To the best of our knowledge, this is the first report of rare pediatric NSAS involving anti-mGluR5 AE following HSCT. Enhancing our understanding and characterization of this condition may facilitate its recognition and treatment in children. Serum antibody testing could enable early identification and treatment of anti-mGluR5 AE.
In this instance, we present the case of a 7-year-old girl who exhibited abnormal behaviors following hematopoietic stem cell transplantation (HSCT). She received a diagnosis of anti-mGluR5 AE, and her Electroencephalogram (EEG) displayed an increased number of generalized slow waves during wakefulness. Treatment involved intravenous administration of gamma globulin and methylprednisolone, followed by oral prednisone tablets. Levetiracetam was introduced as an antiepileptic therapy during the pulse steroid therapy. Notably, the abnormal behaviors exhibited significant improvement after treatment.
To the best of our knowledge, this is the first report of rare pediatric NSAS involving anti-mGluR5 AE following HSCT. Enhancing our understanding and characterization of this condition may facilitate its recognition and treatment in children. Serum antibody testing could enable early identification and treatment of anti-mGluR5 AE.
摘要:
■神经元表面抗体综合征(NSAS)包括越来越多的自身免疫性神经系统疾病,其主要临床表现为自身免疫性脑炎(AE)。NSAS中记录最广泛的形式是抗N-甲基-D-天冬氨酸受体(NMDAR)自身免疫。相比之下,其他NSAS,如抗代谢型谷氨酸受体-5(mGluR5)自身免疫,不太常见,特征不全面,特别是在儿科病例中。

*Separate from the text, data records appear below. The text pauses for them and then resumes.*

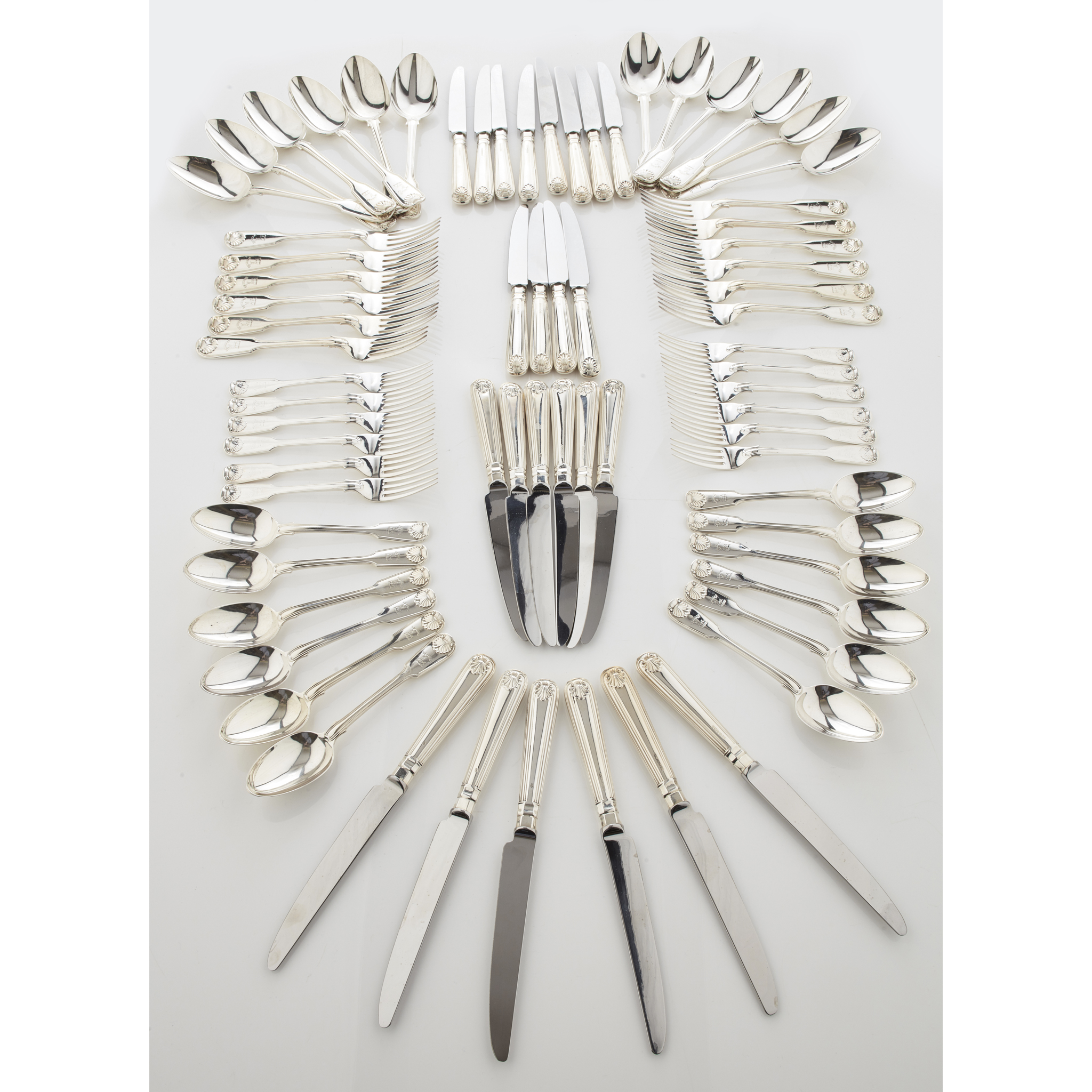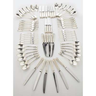 Goldsmiths & Silversmiths Company, London 1905, of single struck Fiddle, Thread and Shell pattern with engraved crest and motto to terminals, comprising twelve each of, tablespoons, table forks, dessert spoons and dessert forks, together with a matched set of modern table and side knives (72)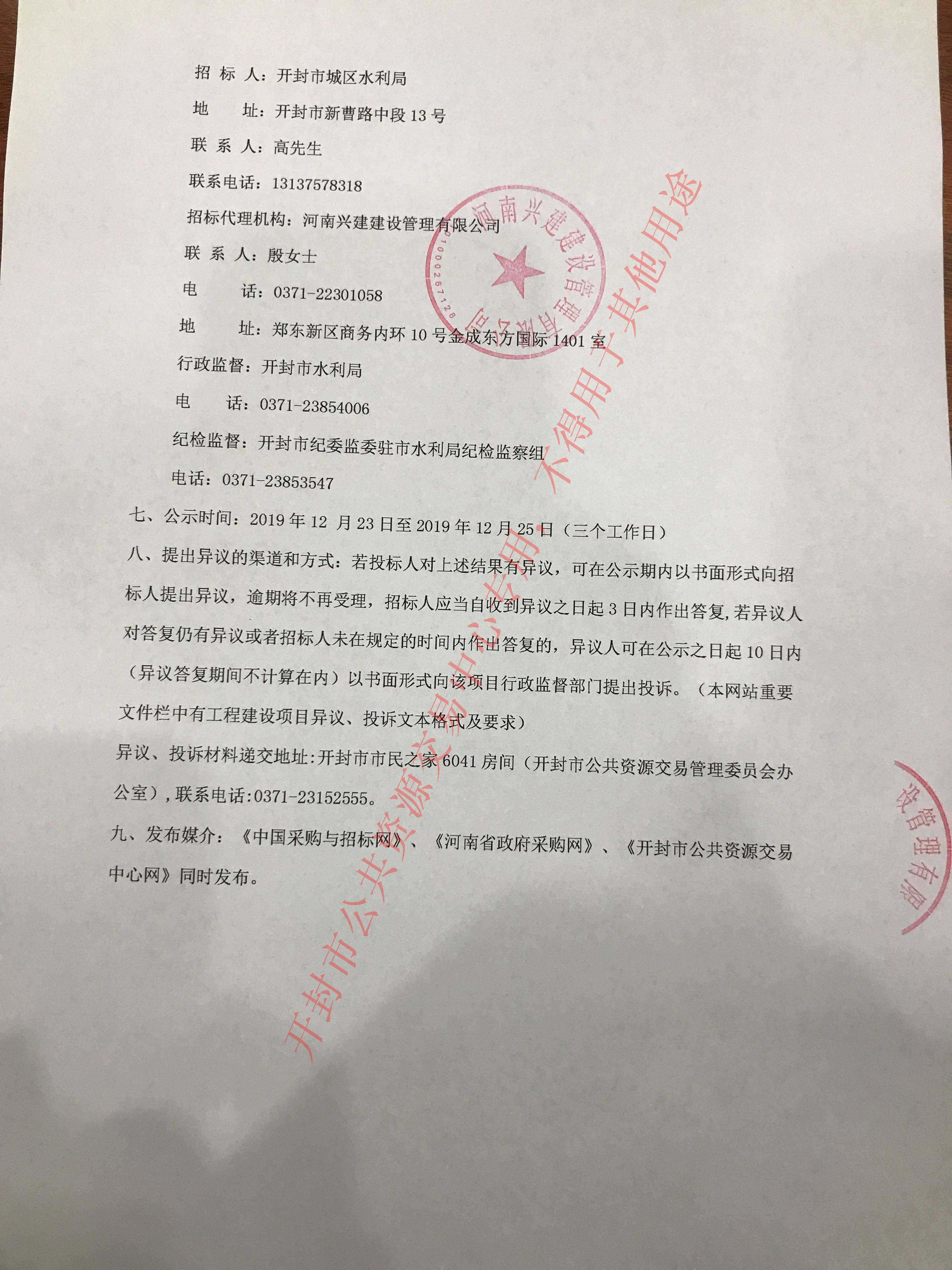 河南兴建建设管理有限公司 受开封市城区水利局的委托,就开封市城区2019年抗旱工程进行竞争性磋商招标。评标委员会按规定程序进行了评审,经招标人确认,现就本次中标候选人公示如下: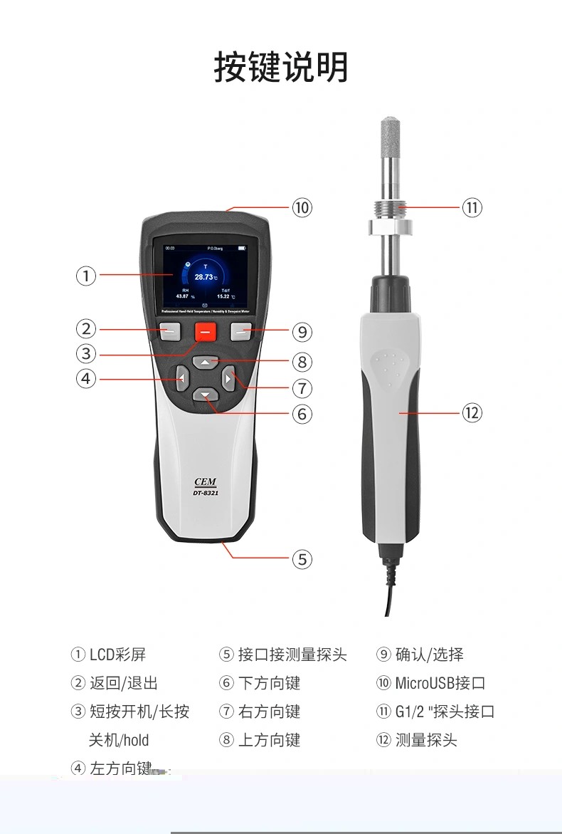 產(chǎn)品概述 CEM DT-8321是CEM華盛昌新設計、研發(fā)和制造的一款高精度專業(yè)手持式露點儀,精度高范圍廣,能在較寬的測量范圍內(nèi)準確測量露點溫度,探頭可直接插入加壓過程中,并快速響應測試過程環(huán)境條件,為工業(yè)露點測量應用提供準確快速的測量。產(chǎn)品廣泛應用于實驗室、電力電氣、SF6氣體測量、精密制造、化工制藥等領域的大溫度、大壓力范圍內(nèi)的直接過程露點測量。 產(chǎn)品優(yōu)勢 性能穩(wěn)定,維修成本低,可專業(yè)用于工業(yè)現(xiàn)場檢測和戶外校驗等場合。 高品質(zhì)傳感器,測量更準確,適用于低露點測量。測量范圍達-50至+30°C,低濕度測量<5%RH。●傳感器可承受凝結(jié),無需擔心結(jié)露影響測量精度。 傳感器探頭具備凈化功能以及加熱功能,預熱時間短,測量結(jié)果更穩(wěn)定。 靈活的數(shù)據(jù)記錄功能,可設置自動記錄間隔,CSV文件可以通過USB傳輸?shù)絇C端。 測量數(shù)據(jù)可一鍵保存,可使用電腦中的Excel軟件查看。 外形堅固,緊湊,小巧,外加藍色彩屏設計,界面更加直觀簡潔。 可充電設計,持久續(xù)航更方便。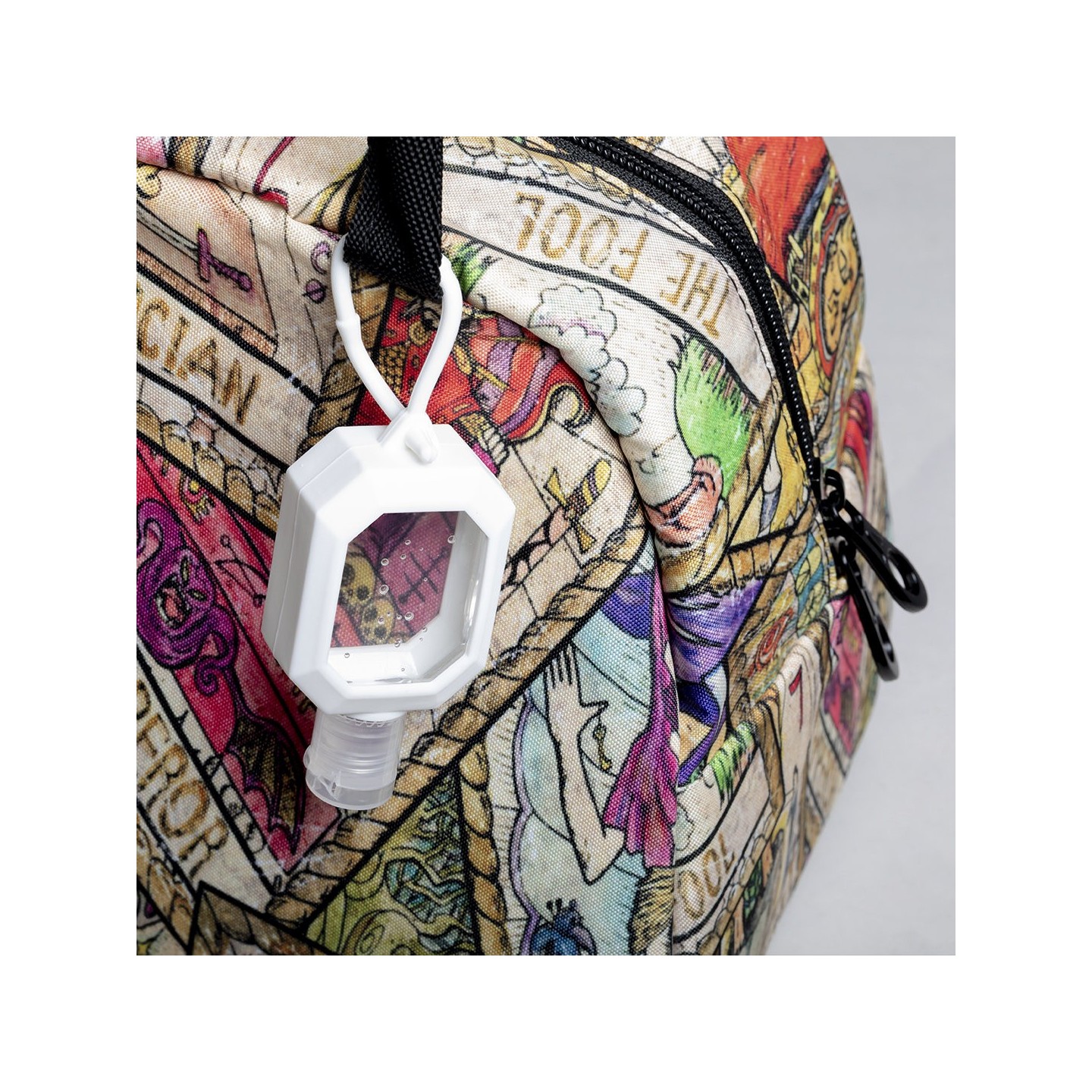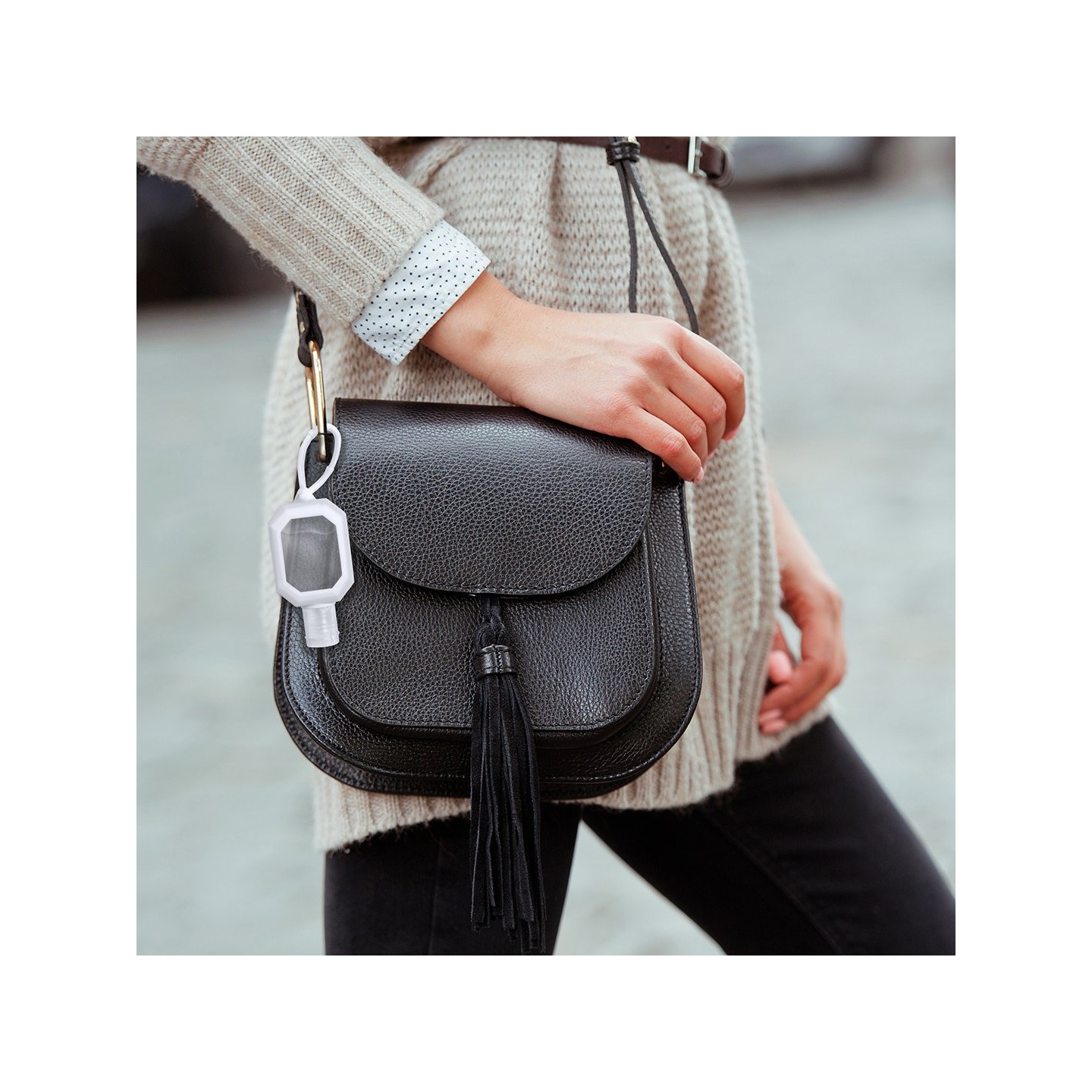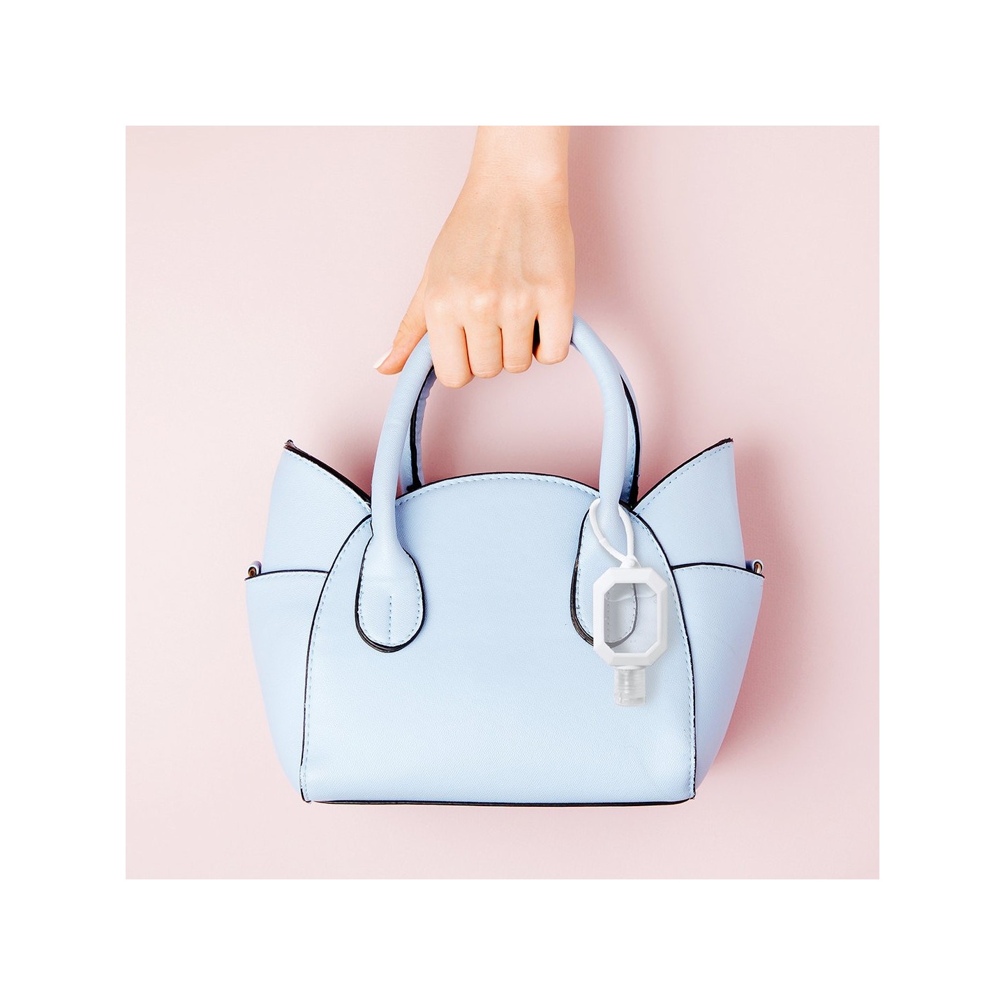 Gel hidroalcohólico de 30 ml con extracto de Aloe Vera. Cuerpo en silicona blanca con dosificador, tapón de seguridad y cordón para transporte. Certificado GMP y cumple normativa 94/62/EC.

■在这种情况下,我们介绍了一例7岁女孩在造血干细胞移植(HSCT)后表现出异常行为的病例.她接受了抗mGluR5AE的诊断,她的脑电图(EEG)在觉醒期间显示出更多的广义慢波。治疗包括静脉注射丙种球蛋白和甲基强的松龙,其次是口服泼尼松片。左乙拉西坦被引入作为脉冲类固醇治疗期间的抗癫痫治疗。值得注意的是,治疗后异常行为明显改善。
■据我们所知,这是首次报道HSCT后涉及抗mGluR5AE的罕见儿科NSAS.增强我们对这种情况的理解和表征可能会促进其在儿童中的识别和治疗。血清抗体检测可以早期识别和治疗抗mGluR5AE。
■在这种情况下,我们介绍了一例7岁女孩在造血干细胞移植(HSCT)后表现出异常行为的病例.她接受了抗mGluR5AE的诊断,她的脑电图(EEG)在觉醒期间显示出更多的广义慢波。治疗包括静脉注射丙种球蛋白和甲基强的松龙,其次是口服泼尼松片。左乙拉西坦被引入作为脉冲类固醇治疗期间的抗癫痫治疗。值得注意的是,治疗后异常行为明显改善。
■据我们所知,这是首次报道HSCT后涉及抗mGluR5AE的罕见儿科NSAS.增强我们对这种情况的理解和表征可能会促进其在儿童中的识别和治疗。血清抗体检测可以早期识别和治疗抗mGluR5AE。